─── Material for the task ───

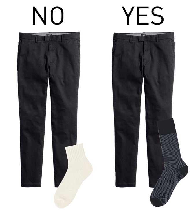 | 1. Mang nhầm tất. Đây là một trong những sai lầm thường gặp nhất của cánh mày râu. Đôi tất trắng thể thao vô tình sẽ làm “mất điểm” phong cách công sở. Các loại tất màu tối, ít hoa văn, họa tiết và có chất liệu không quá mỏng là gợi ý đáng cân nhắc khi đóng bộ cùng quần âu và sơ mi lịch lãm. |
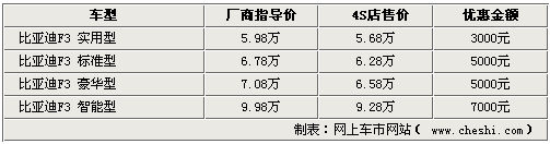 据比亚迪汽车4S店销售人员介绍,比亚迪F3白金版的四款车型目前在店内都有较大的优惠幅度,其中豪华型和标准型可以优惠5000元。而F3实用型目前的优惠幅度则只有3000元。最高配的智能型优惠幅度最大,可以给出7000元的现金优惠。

───
─── Material for the task ───

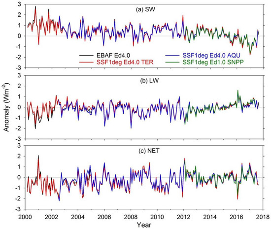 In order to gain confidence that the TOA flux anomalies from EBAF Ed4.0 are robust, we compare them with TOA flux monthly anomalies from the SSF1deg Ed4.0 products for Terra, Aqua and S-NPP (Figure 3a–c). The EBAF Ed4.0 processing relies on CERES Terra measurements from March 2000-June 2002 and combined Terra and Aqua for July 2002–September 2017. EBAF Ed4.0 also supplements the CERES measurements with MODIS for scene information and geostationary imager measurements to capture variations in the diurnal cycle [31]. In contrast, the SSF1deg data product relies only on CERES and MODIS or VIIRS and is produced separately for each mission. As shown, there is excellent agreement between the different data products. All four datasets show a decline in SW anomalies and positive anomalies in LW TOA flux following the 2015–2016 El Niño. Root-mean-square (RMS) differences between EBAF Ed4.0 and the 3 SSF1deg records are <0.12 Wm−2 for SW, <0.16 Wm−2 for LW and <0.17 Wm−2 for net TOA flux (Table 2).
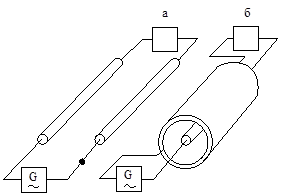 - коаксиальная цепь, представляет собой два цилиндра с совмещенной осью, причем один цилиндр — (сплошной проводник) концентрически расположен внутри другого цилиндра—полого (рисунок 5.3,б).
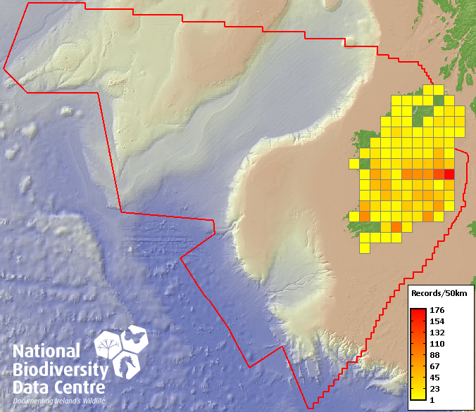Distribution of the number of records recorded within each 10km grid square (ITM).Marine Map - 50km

───

* Your instructions
For the data above, set down exactly the lines from the line with "lịch lãm. |" to the line with "据比亚迪汽车4S店销售人员介", both included, leaving pictures out.

* Completed exercise
 | 1. Mang nhầm tất. Đây là một trong những sai lầm thường gặp nhất của cánh mày râu. Đôi tất trắng thể thao vô tình sẽ làm “mất điểm” phong cách công sở. Các loại tất màu tối, ít hoa văn, họa tiết và có chất liệu không quá mỏng là gợi ý đáng cân nhắc khi đóng bộ cùng quần âu và sơ mi lịch lãm. |
 据比亚迪汽车4S店销售人员介绍,比亚迪F3白金版的四款车型目前在店内都有较大的优惠幅度,其中豪华型和标准型可以优惠5000元。而F3实用型目前的优惠幅度则只有3000元。最高配的智能型优惠幅度最大,可以给出7000元的现金优惠。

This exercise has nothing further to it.